I am just concerned that the "muscle loss" and weakness are a precursor to Motor Neuron issues. Is ALS/MND development a gradual process, (slight impairments that ultimately build)? Does a clean EMG absolutely mean that ALS will not result from your symptoms? These are my concerns.

 

[hopingforcure]

The meaning of Atrophy is wasting. If the atrophy were als (lower motor neuron) related it would have shown in the EMG.

 

[trfogey]

Thank you for the responses. I am more concerned about the atrophy in my right leg, quad, and hamstring (and right arm). The fasciculations, whatever they may be, are not driving my concern. My primary stated that muscle appears to be "absent." Whatever that means. He did not specifically use the term atrophy.

You'll pardon us, of course, for wondering why you are here on this board if you are not concerned about your fasciculations. After all it is the combination of fasciculations, weakness, and atrophy that suggests that ALS might be a possibility, isn't it? Otherwise, why here and not a sports medicine information site, for example?

Muscle atrophy and weakness can be caused by non-neurological causes, as anyone who has worn a cast on an arm or leg for a number of weeks can attest. Injuries, reduction in physical activity, pinched nerves in the spine -- also would be possibilities, along with various muscular disorders .
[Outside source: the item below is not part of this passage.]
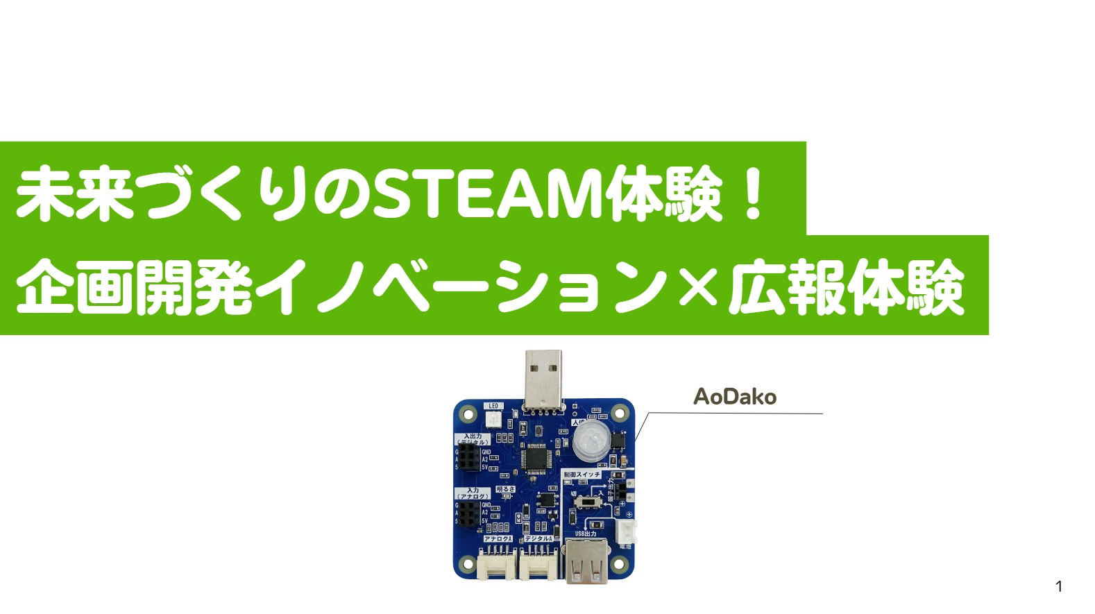 この授業スライドでは、身の回りの「困った!」や「こうだったらいいのに」と思うことに目を向け、自分たちで問題を見つけて、その解決にチャレンジします。 AoDakoを使って、プログラミングやものづくり、広報まで体験しながら、社会をよりよくするアイデア=“イノベーション”を生み出していきます。 自分の力で課題を見つけ、解決するプロセスは、将来の仕事や社会でも役に立つ大切な力です。 スライドに沿ってイノベーション体験をし、「未来を変える一歩」を踏み出してみましょう!

I am just concerned that the "muscle loss" and weakness are a precursor to Motor Neuron issues. Is ALS/MND development a gradual process, (slight impairments that ultimately build)? Does a clean EMG absolutely mean that ALS will not result from your symptoms? These are my concerns.

If an MND is involved in your situation (or anybody's situation, for that matter), the atrophy and weakness would be an effect of the MND, not a precursor for or cause of the MND. Usually, by the time a muscle begins to atrophy because of an MND, it has already become paralyzed. It is the paralysis that causes the atrophy. The muscle can no longer move, so it wastes away from disuse.
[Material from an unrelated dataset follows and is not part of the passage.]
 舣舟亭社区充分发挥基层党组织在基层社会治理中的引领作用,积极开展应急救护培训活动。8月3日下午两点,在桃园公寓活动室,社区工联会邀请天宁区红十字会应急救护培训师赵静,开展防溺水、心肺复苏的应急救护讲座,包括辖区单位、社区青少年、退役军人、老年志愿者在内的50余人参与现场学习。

Also, fasciculations that occur bodywide before weakness occurs tends to point away from MND as a cause. Fasciculations in the early stages of ALS are usually very mild and limited to a few area. As the disease progresses, the fasciculations spread and become more noticeable.

Yes, an MND is a gradual impairment. It starts in a limited area of the body -- one hand, one foot, or the tongue are the usual places where MNDs first show themselves -- and slowly spreads through the body. Slowly, in this context, usually means over a period of months and years, not days or weeks.

As to the EMG, a clean EMG for you, given the symptoms you have described, would mean that you don't have ALS now and your current symptoms of fasciculations, weakness and atrophy weren't caused by ALS. There is a variant of ALS that does have a clean EMG at the beginning but you have not described having any symptoms consistent with that variant. Odds are that you probably don't have those symptoms, since they would directly conflict with symptoms you have already described.

You are far too early in the diagnostic process to be worrying about a disease as rare as ALS. Cases of ALS in people your age are more rare than things like cancer or brain tumors, but I don't imagine you worry about a tumor every time you get a headache. The best thing you can do for your own peace of mind is to let your doctors do their jobs and figure out what's wrong with you, rather than trying to beat them to the end of the diagnostic road using the poorly organized and often misleading (and sometimes completely false) information floating around on the Internet.

Good luck.

 

[Alyoop]

I am not sure why you think that you have enough EMG knowledge to think that the right level of sophistication was not applied.
The neurophysiologists/ neurologists who perform these tests know what they are doing.nit takes years of exhaustive training to perform these tests. They know which muscles to test after taking a history. If they are finding a clean picture then they do fewer stabs. If they find abnormalities, then it often becomes a lot more extensive. When they found an abnormality in my EMG then it became a very long drawn out affair.

Leave it to the experts and be careful not to be too critical of the skills that they have.

Hope you get some answers soon. Some of us are still waiting after years!